Ingredients:
- 2 ½ cups (315g) all-purpose flour, plus more for dusting
- 1 teaspoon (5g) salt
- 1 cup (2 sticks/227g) unsalted butter, very cold and cut into ½-inch pieces
- 6-8 tablespoons (90-120ml) ice water
- 1 tablespoon granulated sugar (for sprinkling, optional)
- 6 cups (approx. 3 pounds/1.36 kg) fresh or frozen (thawed) pitted sweet cherries
- ¾ cup (150g) granulated sugar
- ¼ cup (30g) cornstarch
- 1 tablespoon lemon juice
- ½ teaspoon almond extract
- 2 tablespoons unsalted butter, cut into small pieces
- 2 tablespoons milk or heavy cream, for brushing
- Pinch of sugar, for sprinkling
Instructions:
- Combine flour and salt in a food processor or bowl. Add cold butter and pulse (or cut in with a pastry blender) until the mixture resembles coarse crumbs. Gradually add ice water, mixing until the dough just comes together. Form the dough into a disc, wrap in plastic wrap, and chill for at least 1 hour.

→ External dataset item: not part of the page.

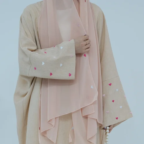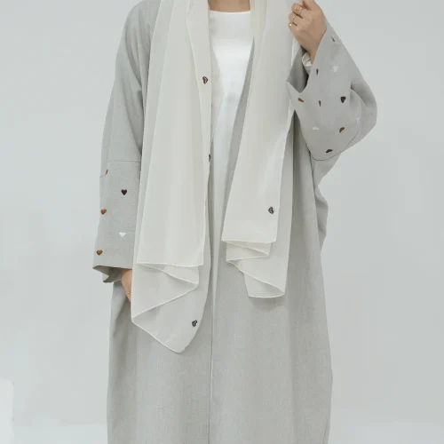316 Cotton Linen Front Open Heart Embroidered Long Sleeve Kimono Cardigan Hijab Abaya Dress for Muslim Women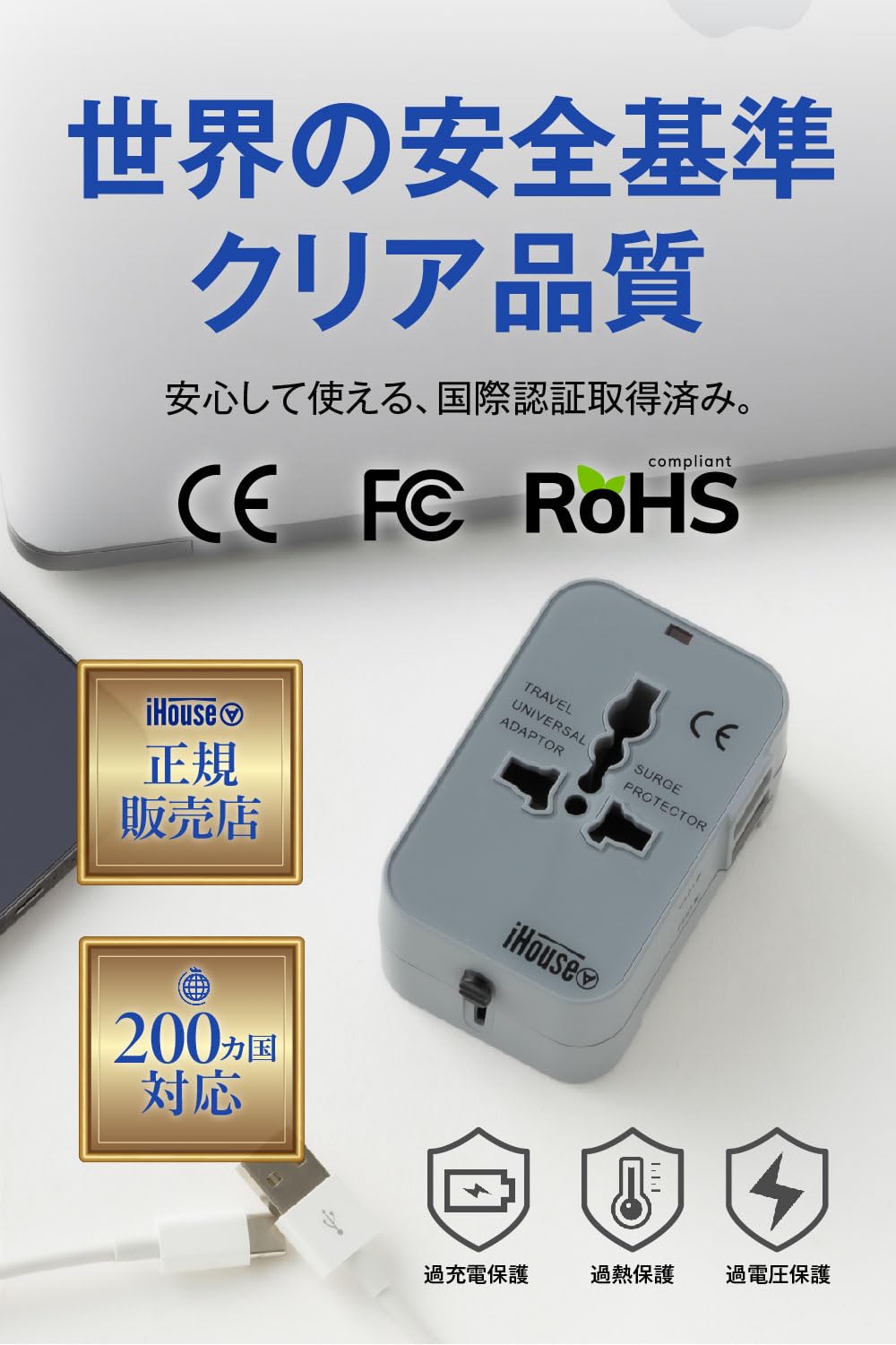 韓国、中国、アメリカ、イギリス、ヨーロッパなど、世界200カ国以上のプラグに対応します。

- In a large bowl, combine cherries, sugar, cornstarch, lemon juice, and almond extract. Stir gently to coat the cherries.
- Preheat oven to 375°F (190°C). On a lightly floured surface, roll out half of the pie dough into a 12-inch circle. Carefully transfer the dough to the pie dish. Trim and crimp the edges of the crust. Pour the cherry filling into the prepared crust. Dot the filling with butter pieces.

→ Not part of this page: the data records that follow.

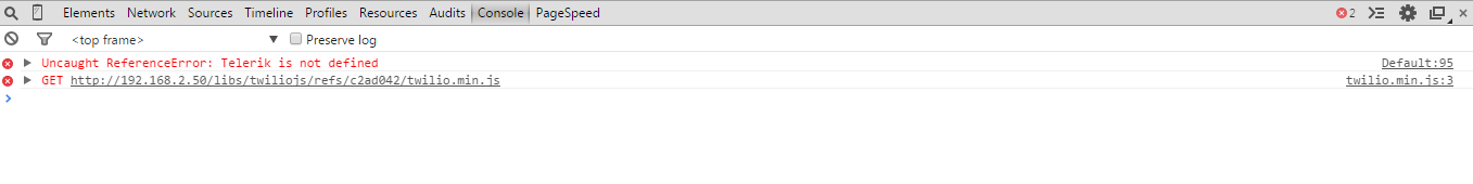 "UnCaught ReferenceError: Telerik is not defined"
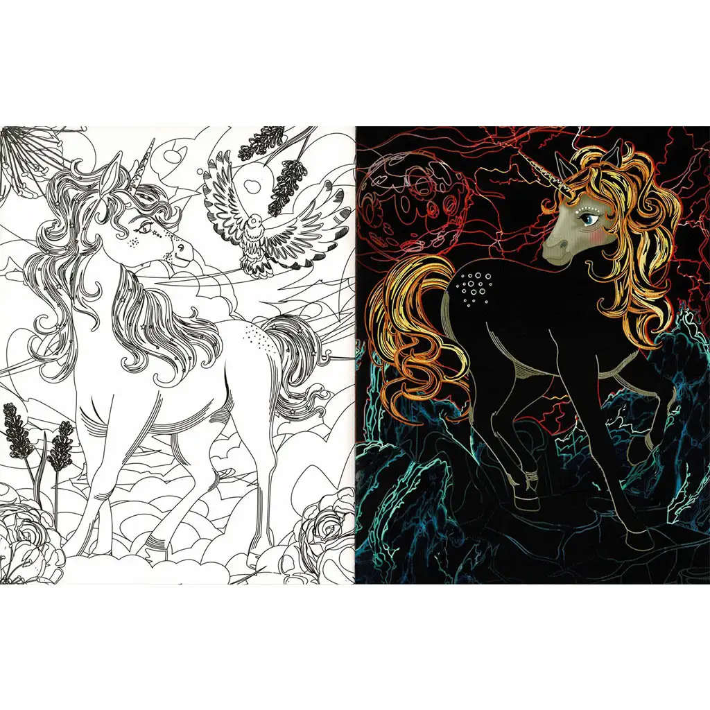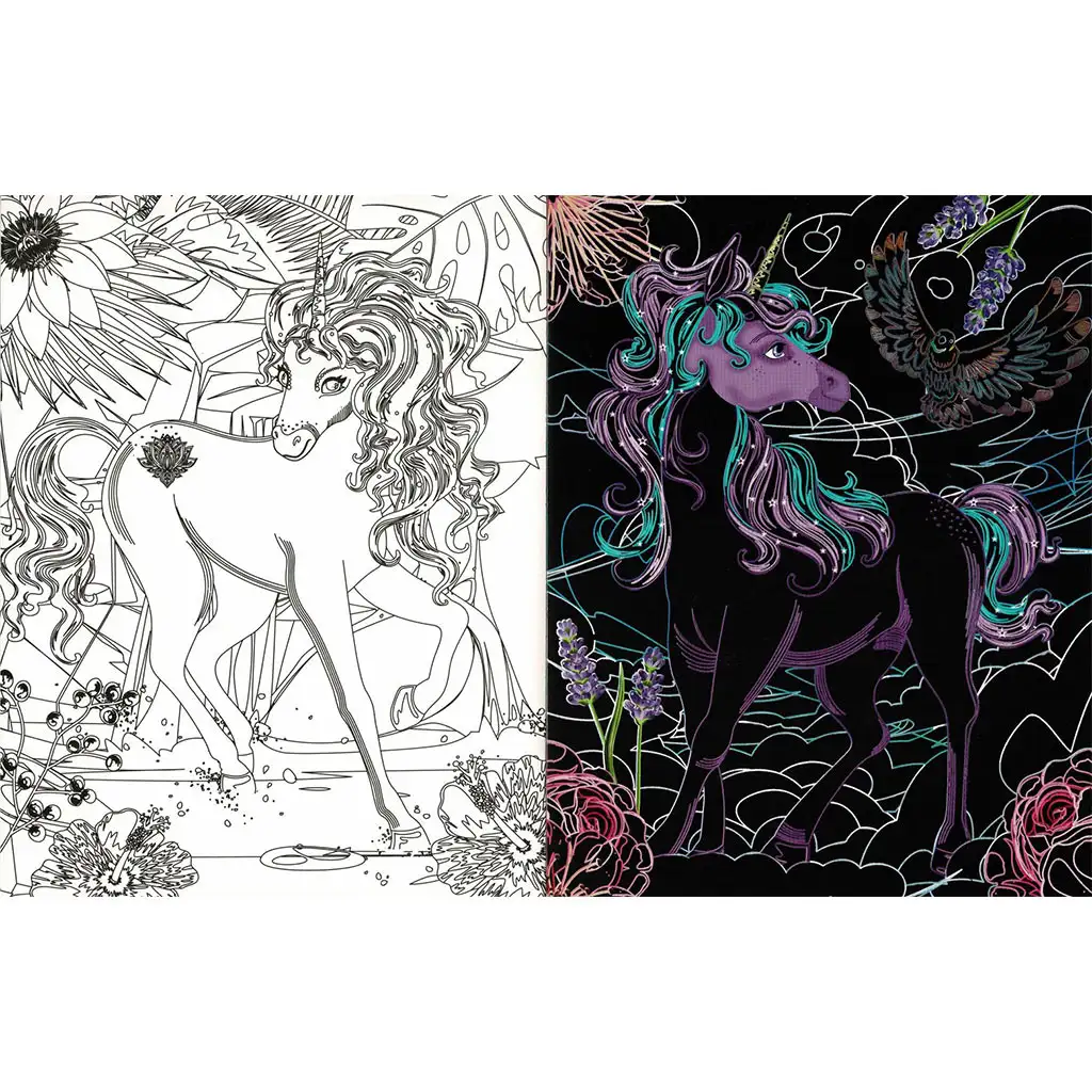 Ponorte sa do Skrytého sveta jednorožcov s touto špeciálnou omaľovánkou! Použite priloženú škrabaciu tyčinku na odstránenie čiernej vrstvy a uvidíte zázrak, keď sa na stránkach objavia farebné obrázky. Okrem magického zážitku môžete na stránkach na vyfarbovanie tvoriť aj sami a potom hotové dielo zvýrazniť, aby ste ho mohli zdieľať s priateľmi.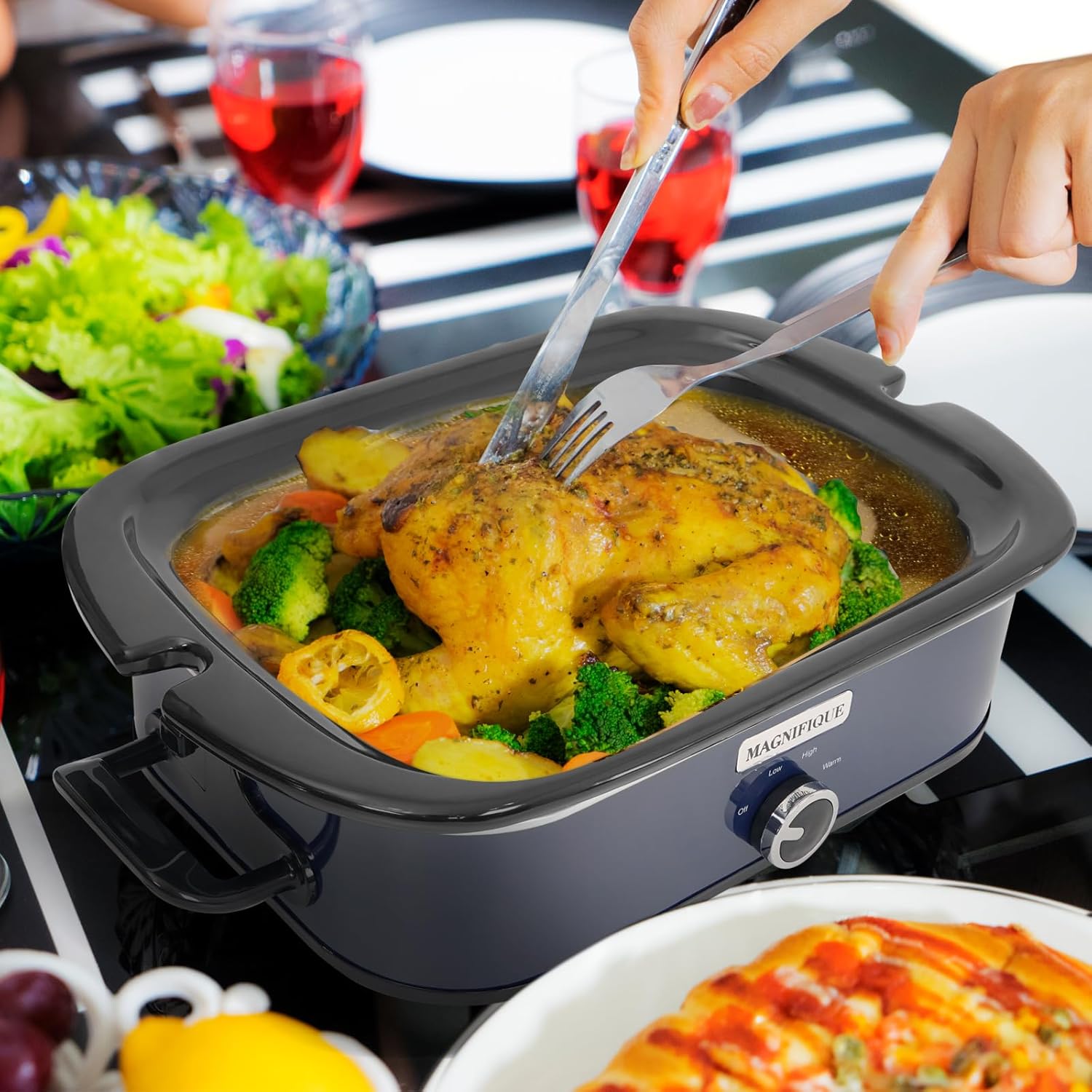 Magnifique 4-Quart Slow Cooker with Casserole Manual Warm Setting - Perfect Kitchen Small Appliance for Family Dinners, Dishwasher Safe Crock, Blue

- Roll out the remaining pie dough into a 12-inch circle. Cut vents in the top crust (or cut into strips for a lattice). Place the top crust over the filling (or weave the lattice strips). Trim and crimp the edges to seal.
- Brush the top crust with milk or heavy cream and sprinkle with sugar. Place the pie on a baking sheet (to catch any drips). Bake for 50-60 minutes, or until the crust is golden brown and the filling is bubbly. If the crust starts to brown too quickly, tent with foil. Let the pie cool completely on a wire rack before slicing and serving.